Tour à tour chimiste, négociant en informatique, banquier, vice-ministre puis magnat du pétrole russe, Mikhaïl Khodorkovski (41 ans) symbolise bien le capitalisme débridé qui se développa, en Russie, avec l'éclatement de l'URSS, fin 1991. Le jeune homme a 25 ans à peine lorsqu'il fait son entrée dans le business.
On est en pleine époque de la perestroïka lancée quelques années plus tôt par le secrétaire général du PCUS, Mikhaïl Gorbatchev. Il s'agit alors d'encourager la libre entreprise, bannie depuis 1926, pour redonner un nouveau souffle économique au pays. Des coopératives, des petites structures commerciales émergent çà et là.
Responsable des jeunesses communistes de l'un des arrondissements de Moscou, le jeune Khodorkovski décide alors de franchir le pas. Il n'a rien à perdre, car, selon les règles en vigueur dans le système soviétique, son nom d'origine juive lui laisse peu de chance d'obtenir un poste en vue, ne serait-ce que celui de directeur d'une usine d'Etat.
Avec quelques collègues de travail, le jeune chimiste commence par vendre des ordinateurs. Bientôt ils créent leur propre banque, la Menatep, dont on dira en Russie qu'elle prospéra sur "l'or du Parti" communiste, disparu au moment de la débandade qui suivit le putsch manqué d'août 1991 contre Mikhaïl Gorbatchev. Faux, rétorquent les fondateurs de Menatep. Très vite, la banque prend de l'importance, c'est elle qui gère notamment des fonds gouvernementaux. Ses directeurs sont à tu et à toi avec l'élite dirigeante.
Comme bien d'autres oligarques russes à l'époque, Mikhaïl Khodorkovski ne rechigne pas à mettre la main à la poche, d'abord pour financer la première guerre (1994-1996) de Tchétchénie (non comptabilisée au budget), ensuite pour soutenir la campagne électorale de Boris Eltsine en 1996. Au gré de l'accord passé alors avec le Kremlin, les fonds alloués par les oligarques pour frais de campagne sont récupérés sous forme d'actions dans les fleurons de l'industrie russe. C'est ainsi que le futur magnat voit tomber dans son escarcelle une compagnie pétrolière qu'il paye le dixième de sa valeur (350 millions de dollars).

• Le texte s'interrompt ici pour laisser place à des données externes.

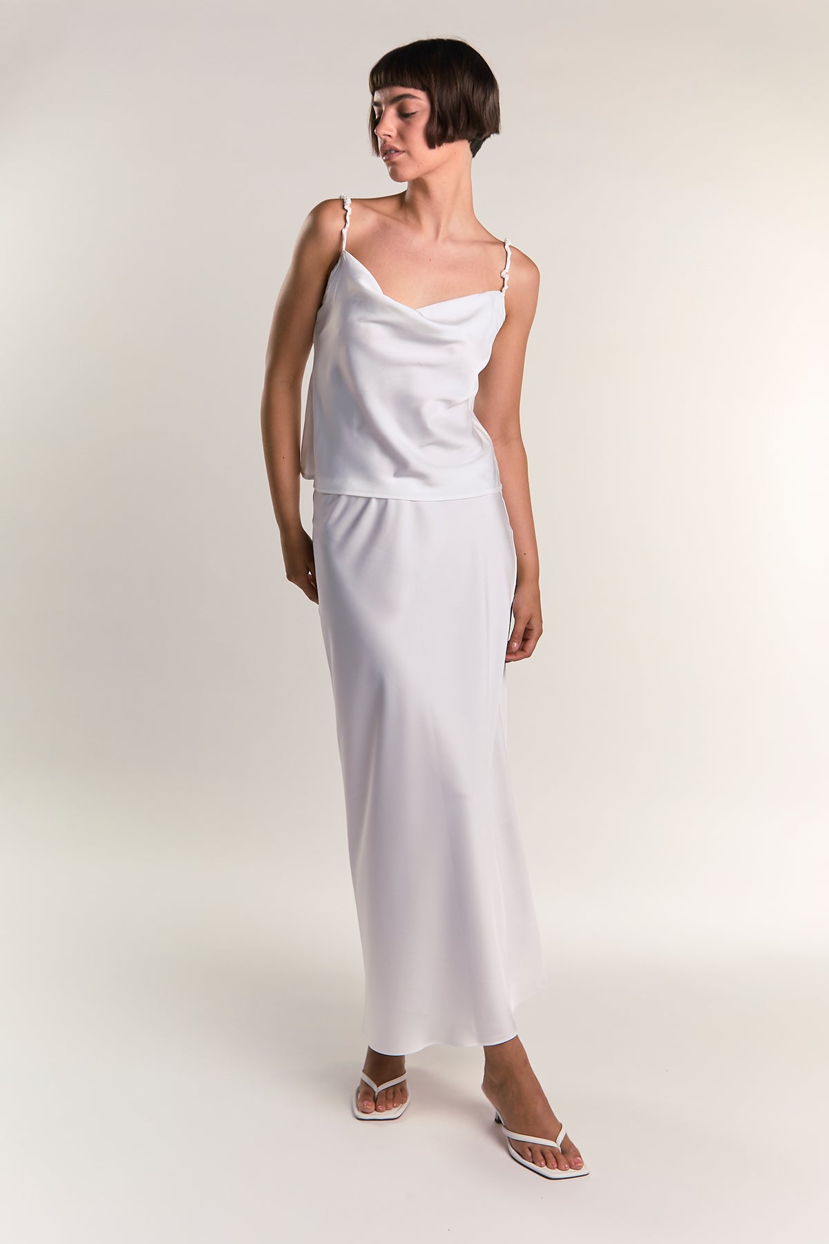 Glamorous Studio White Satin Cowl Neck Cami Top

Doué d'une énergie hors du commun, le jeune homme veut faire de Ioukos une société à l'occidentale, avec un management et une comptabilité transparentes. Les activités de la banque Menatep passent alors au second plan, surtout après le krach boursier de 1998. Qu'importe si les petits épargnants sont totalement floués. Qu'importe si, au passage, les créanciers allemands et japonais perdent 240 millions de dollars.
Mikhaïl Khodorkovski va bientôt se consacrer uniquement à Ioukos. Il voit grand, ambitionne de financer la construction d'un oléoduc vers la Chine, noue des liens privilégiés avec la Maison Blanche à Washington et les majors américaines, finance des programmes éducatifs, des partis politiques, et finit par énerver le nouveau locataire du Kremlin.
Le 25 octobre 2003, alors qu'il est interpellé sans ménagement par des agents cagoulés, l'oligarque pèse 8 milliards de dollars, selon le magazine américain Forbes. A la veille de son arrestation, il était en train de bâtir des plans pour céder 25 % des actions de Ioukos à Chevron ou à Exxon Mobil. L'affaire lui aurait permis d'engranger 6 milliards de dollars et donc de se poser en adversaire du pouvoir pour les élections législatives (décembre 2003) et présidentielle (mars 2004) qui s'annonçaient.